As a child, I never thought of my grandmother as a widow or as a working grandmother or as an association president or as a caregiver. To me she was just “Grandmom.” She baked tray after tray of Shake ’n Bake and served it up to her two hungry grandchildren with mounds of fresh corn and garden peas and dozens and dozens of her famous rolls. For dessert there were peach parfaits and chocolate cake, Tollhouse cookies and chess pie. She was Grandmom, who kept us for a month every summer and took us to church and Sunday school and VBS and the church library. She was Grandmom, who provided lined paper pads for me to practice my penmanship and all sorts of supplies to play my favorite game, school. She was Grandmom, who fed me, who taught me, who played with me, who created for me a home that smelled like heaven.

Later, when I became a Christian at age fifteen, I knew my grandmother as my kindred spirit, my ally, the one person in my family who read a Bible and went to church and prayed to God above and did “Christian” things. She was the one I could count on to be excited about my growing faith, the one who encouraged me by example, the one who lived as a fragrant offering to Christ.

Now that I am a grandmother, I wonder how my grandmother felt when her only son got divorced after eleven years of marriage. Now I wonder how she felt about her only two grandchildren growing up in a home where the only Bible sat collecting dust on a bookshelf.
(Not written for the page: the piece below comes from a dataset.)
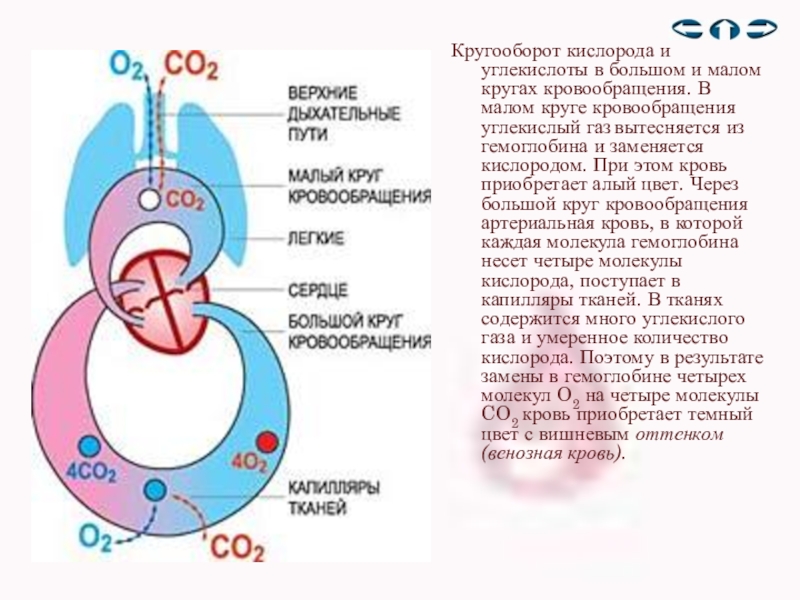 Слайд 15Кругооборот кислорода и углекислоты в большом и малом кругах кровообращения. В

My grandmother, grandfather, brother and me, circa 1966,

A Living Sacrifice

Though I don’t know how she felt, given my grandmother’s fierce determination, I can guess what she did. She lifted the incense of prayer to the heavens. She came home after a day of teaching fifth graders and prepared a feast for her grandchildren. She helped her mother wash up for the night and then, though she must have been exhausted herself, made sure her grandchildren got baths before bed. She said prayers over them before collapsing for the night. She became a living sacrifice, and in so doing, “spread the fragrance of the knowledge of him everywhere” (2 Corinthians 2:14). This was my grandmother’s legacy.

I don’t know about you, but this is the kind of legacy I want to leave. In a world in which the focus of leaving a legacy is often on making a name for ourselves, I want to throw off the stench of self-centeredness so that I can spread the fragrant aroma of heaven. How do we become people who leave a legacy that is less about our small stories and more about the One who wrote our stories into his Big Story? We do so by becoming sacrificial offerings, pleasing aromas to God (Ephesians 5:1-2). We do so by living out our unique giftedness and passions in ways that draw others to inhale the fragrance of Christ. We do so by repenting when we sin and by living lives characterized by seeking and granting forgiveness. We do so by exhaling the pure, fresh air of our righteousness in Christ.

Living Our Legacy

We do so by asking God for the power to live the legacy we wish to leave, as each of the following women do.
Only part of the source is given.